You direct yourself past swiftly moving traffic,
Rich in your own exertion, your eyes-forward determination.
I do not see your eyes, but to me,
They are blue—blue, green, gray,
Many shades that depend upon
The light or night.
Your skin looks taut and red;
You have been browned, too, by
The very days you spend
Outside and alone,
Astride roads or grassy patches,
Beneath the hover of clouds
And constellations you might know by name,
By heart.
Your hair clings,
And your clothes are torn and very much worn,
Not sheltered by a closet door,
A coffin for your daily uniform.
No, you are an inside-out sort of person,
Whether by choice or chance,
Whether by Spirit or God or a Source unnamed.
You wear your bones like skin;
I can only bear to see you
When I’m passing, from the
Comforts of my express train,
Though I still feel the strain of my seat
Nudging at my limbs.
You alone are my greatest fear—
A person with nowhere to go,
No box to place his belongings in,
No quiet-safe space to hide and tuck away his cries in,
No home to nestle his tired body within.
You are caked in nature,
Carrying the remains of your age on a wobbly bike.
I am washed clean,
Chauffeur to protein powder and pots of tiramisu.
Should I offer you one?
Or would you scoff, tell me
My money is better spent elsewhere,
On plane tickets to Mars or Marseilles?
Would you smile, and relieve me of my guilt,
For an hour or three?
Tiramisu makes for poor company when you’re riding a bike to nowhere.

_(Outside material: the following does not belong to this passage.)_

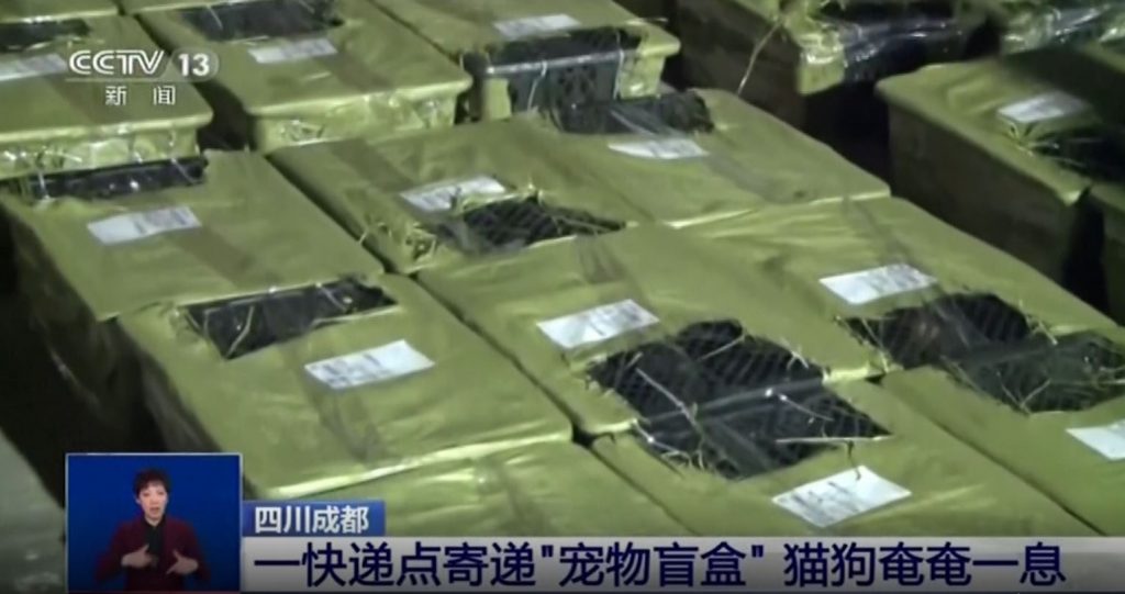 สถานีโทรทัศน์ซีซีทีวีรายงานว่าเมื่อวันจันทร์ เจ้าหน้าที่สามารถช่วยชีวิตลูกสุนัขและแมวจำนวนกว่า 160 ตัว จากโกดังสินค้าในเมืองเฉิงตู มณฑลเสฉวน หลังจากพวกมันถูกนำมาลักลอบจำหน่ายผ่าน blind boxes หรือกล่องสุ่ม ผู้ค้าท้องถิ่นซึ่งโพสต์ขายสัตว์เลี้ยงผ่านทางออนไลน์ นำสัตว์เลี้ยงเหล่านี้แพ็กกล่องพัสดุ ที่ภายนอกดูเหมือนกับกล่องส่งสินค้าแบบด่วนพิเศษทั่วไป เพื่อเตรียมส่งไปจำหน่ายทั่วประเทศ โชคดีที่อาสาสมัครด้านสวัสดิภาพสัตว์ได้ให้เบาะแสแก่เจ้าหน้าที่ สามารถช่วยชีวิตสัตว์เหล่านี้ออกมาได้ โชคร้ายมีสัตว์ 4 ตัวตายลง และอีกหลายตัวติดเชื้อไวรัส ขณะนี้ตำรวจอยู่ระหว่างการสอบสวน

Maybe company is a royal we;
You are simply me, and I, you.
We are both dreamy dreamers,
Bundled in sunsets, gripping buckets of starry stew,
Our bodies nourished by the now,
Where fear must find us gliding on through.
I can see in you that there is an end,
A death to the fear that is here.
Death is a slow-growing smile—
The feeling that I, too,
Am flowing nowhere,
That I, too, have no true home
At which I can point and say,
“This is mine,”
And slip inside.
I am afraid that all I can do is accept our togetherness:
We are following the same nowhere road;
We are souls who became human;
We have both been determined by me to be divine.